PSD-Chef nach Kövesi-Entlassung: „Das ist erst der Anfang“

Dragnea hält an Amtsenthebung von Staatspräsident Johannis fest

Mittwoch, 11. Juli 2018

PSD-Chef Liviu Dragnea Archivfoto: Agerpres

Bukarest (ADZ) - Für PSD-Chef Liviu Dragnea ist ein Amtsenthebungsverfahren gegen Präsident Klaus Johannis auch nach der Abberufung von DNA-Chefin Laura Kövesi nicht vom Tisch: Johannis habe die Entlassung „aus persönlichen Gründen“ vorgenommen, hätte er das Urteil der Verfassungsrichter achten wollen, wäre es viel früher umgesetzt worden, so Dragnea.

Johannis seien etliche Verfassungsverstöße vorzuwerfen, sowohl in der PSD als auch in der Koalition würden die Gespräche über seine Amtsenthebung daher fortgesetzt.

Bezüglich Kövesis Absetzung sagte der PSD-Chef, diese sei kein Sieg, sondern „erst der Anfang“. Weitere „komplexe Maßnahmen“ stünden an, Grund zur Freude gebe es erst, wenn der Parallelstaat abgebaut sei. Den Staatsanwälten empfahl Dragnea, zwecks „Wahrheitsfindung“ zu ermitteln und nicht, „um politische Anordnungen zu befolgen“.

Die Opposition reagierte gespalten: Während die bürgerliche USR ankündigte, einen eigenen Kandidaten für die Präsidentschaftswahl 2019 aufstellen zu wollen und ein Referendum zur Justiz forderte, sagte PNL-Chef Ludovic Orban, der Staatschef habe „Imageschäden“ in Kauf genommen, um die Interessen des Landes zu wahren.

Auf seiner Facebook-Seite büßte der Präsident binnen weniger Stunden Tausende „Likes“ seiner Anhänger ein, viele warfen ihm „Feigheit“ vor, da er die unbequeme Ankündigung nicht selbst vorgenommen hatte, sondern sie seiner Sprecherin überließ. Der EU-Abgeordnete Cristian Preda (EVP) hob hervor, dass „der Präsident vergessen hat, Kövesi zu danken“.

Auch Brüssel reagierte umgehend: Die EU-Kommission werde die Unumkehrbarkeit der Fortschritte im Bereich der rumänischen Justiz in Frage stellen, sollte die Korruptionsbekämpfung im Land nachlassen, so ein Kommissionssprecher.

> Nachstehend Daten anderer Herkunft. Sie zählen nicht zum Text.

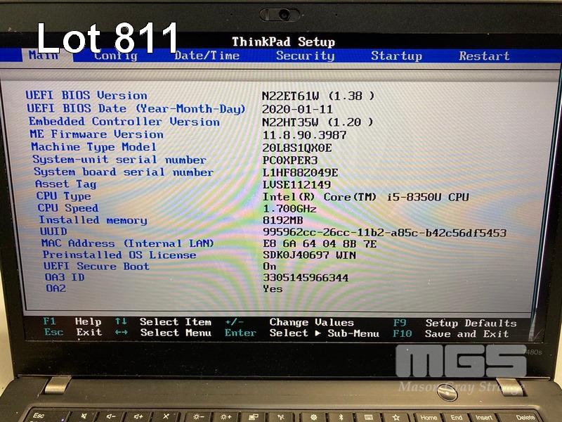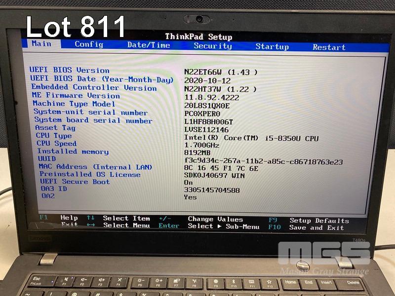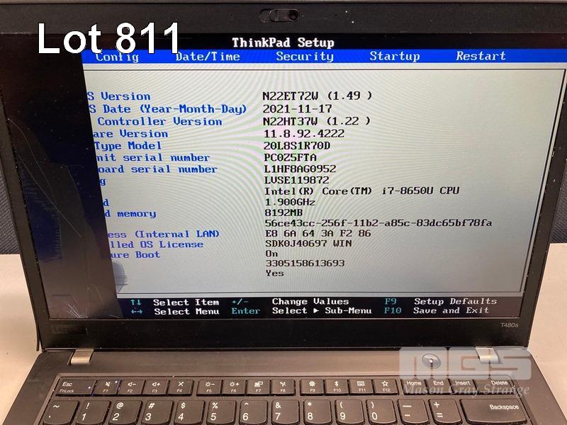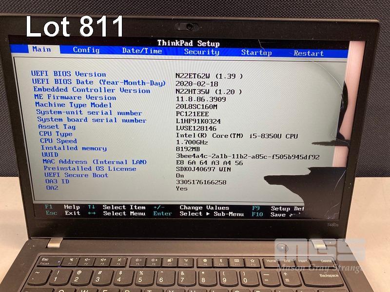 8 x LAPTOPS, LENOVO THINKPAD T480s, TYPE 20L8, INC. - 5 x CORE i5 8350U (8TH GEN) @ 1.7GHz, 8GB DDR4 RAM, 256GB NVMe M.2 SSD - 2 x CORE i7 8650U (8TH GEN) @ 1.9GHz, 8GB DDR4 RAM, 256GB NVMe M.2 SSD - 1 x DEAD, SPECS UNKNOWN, NO RAM, NO HDD (NOTE: ALL NO POWER SUPPLIES, ALL DAMAGED SCREENS, 1 x WITH DAMAGED BASE, SOME BATTERIES NOT CHARGING) S/N:PC121EEE, PC0Z5FTA, PC16NA6C, PC0XPER3, PC0Z4BAH, PC0XPER0, PC0W6ES4, PC0YMQ61
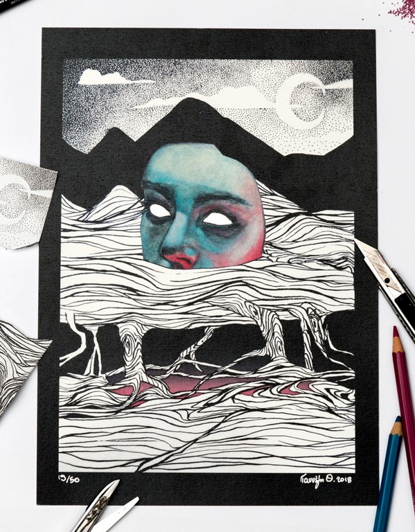 Γιαννέζη, Mountain will fall”, 42x50.5 cm, Μικτή τεχνική
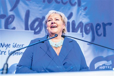 【本報綜合外電報導】承諾減稅與改善健保的挪威在野保守黨,周一在國會選舉中取得壓倒性勝利,五十二歲的保守黨黨魁瑟爾貝克(Erna Solberg,圖/法新社)將成為挪威第二位女總理。保守黨將與民粹政黨「進步黨」及兩個中立派政黨組建聯合政府,但「進步黨」主張提高開支並抑制移民,保守黨在籌組聯合政府時,勢必面臨艱難的政治協商。
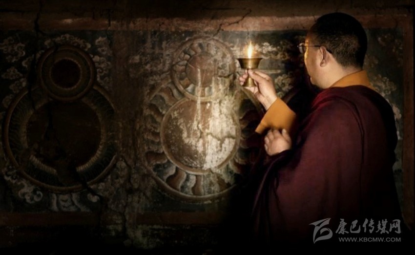 澤成郎達(dá)介紹捧塔寺內(nèi)現(xiàn)存的古壁畫(huà)。
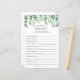 Wer kennt die Braut am besten? Brautparty-Spielkarte mit einer Aquarellkaskade aus Grün und Blütenblättern.
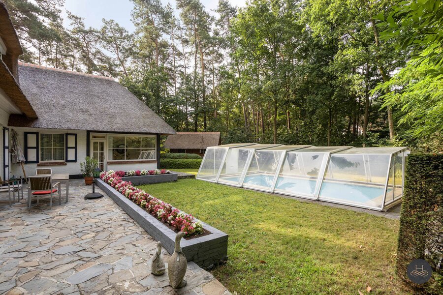 De prachtig aangelegde tuin vormt een absolute troef en beschikt over een zwembad en een ruime garage die ook kan dienen als atelier, hobbyruimte of extra opslag.

Kommentare zu diesem Artikel

Norbert, 11.07 2018, 19:57
Das Schlimme ist, auch wenn es eine serioese Alternative zur PSD gibt, habe ich die Befuerchtung, der Rum. Waehler erkennt gar nicht welche Gefahr diese Partei mit ihren kriminellen Fuehrungskraeften fuer das Land bedeutet. Mit Sozialdemokratie hat diese Gruppe aber auch gar nichts gemein.
Alex, 11.07 2018, 18:58
Solange die Bevölkerung die PSD unterstützt/wählt, kann die EU machen, was sie will. An der Innenpolitik ändert sich nichts. Ganz im Gegenteil. Schießt die EU gegen die Meinung des Volkes, so kann sich dessen Zorn gegen die EU richten und die PSD stark an Zuspruch gewinnen. Deshalb hoffe ich, dass der Wähler das Spiel Dragneas durchschaut und bald zahlreich auf sie Strße geht, spätestens aber bei den nächsten Wahlen die PSD bitterlich abstraft.
Stefan, 11.07 2018, 12:17
Sollte die EU Rumänien klar aufzeigen, dass diese Regierung einen verheerenden Kurs steuert - höchste Zeit für ein Vertragsverletzungsverfahren. Der internationale Druck auf die PSD sollte nun schleunigst erhöht werden. Es geht um die Verantwortung für ein ganzes Land, nicht mehr um die Karrieren einer rücksichtslosen, korrupten Politkaste.
Francois, 11.07 2018, 11:13
Dragnea und seine Unterstützer sind eine Schande für Rumänien!
Marc, 11.07 2018, 07:23
Dragnea tönt großmäulig nach Kövesi-Entlassung: „Das ist erst der Anfang“ - Recht hat er, denn es beginnen für ihn bald fünf Haftjahre.
Dass er und seine Partei Rumänien rechtsstaatlich zum EU-Schmuddelkind machen und schweer schädigen, ist auch wahr. Wie werden die Bürger dann aber bei der nächsten Parlamentswahl reagieren? Rumänien braucht endlich seriöse Parteien als wählbare Alternative zur PSD.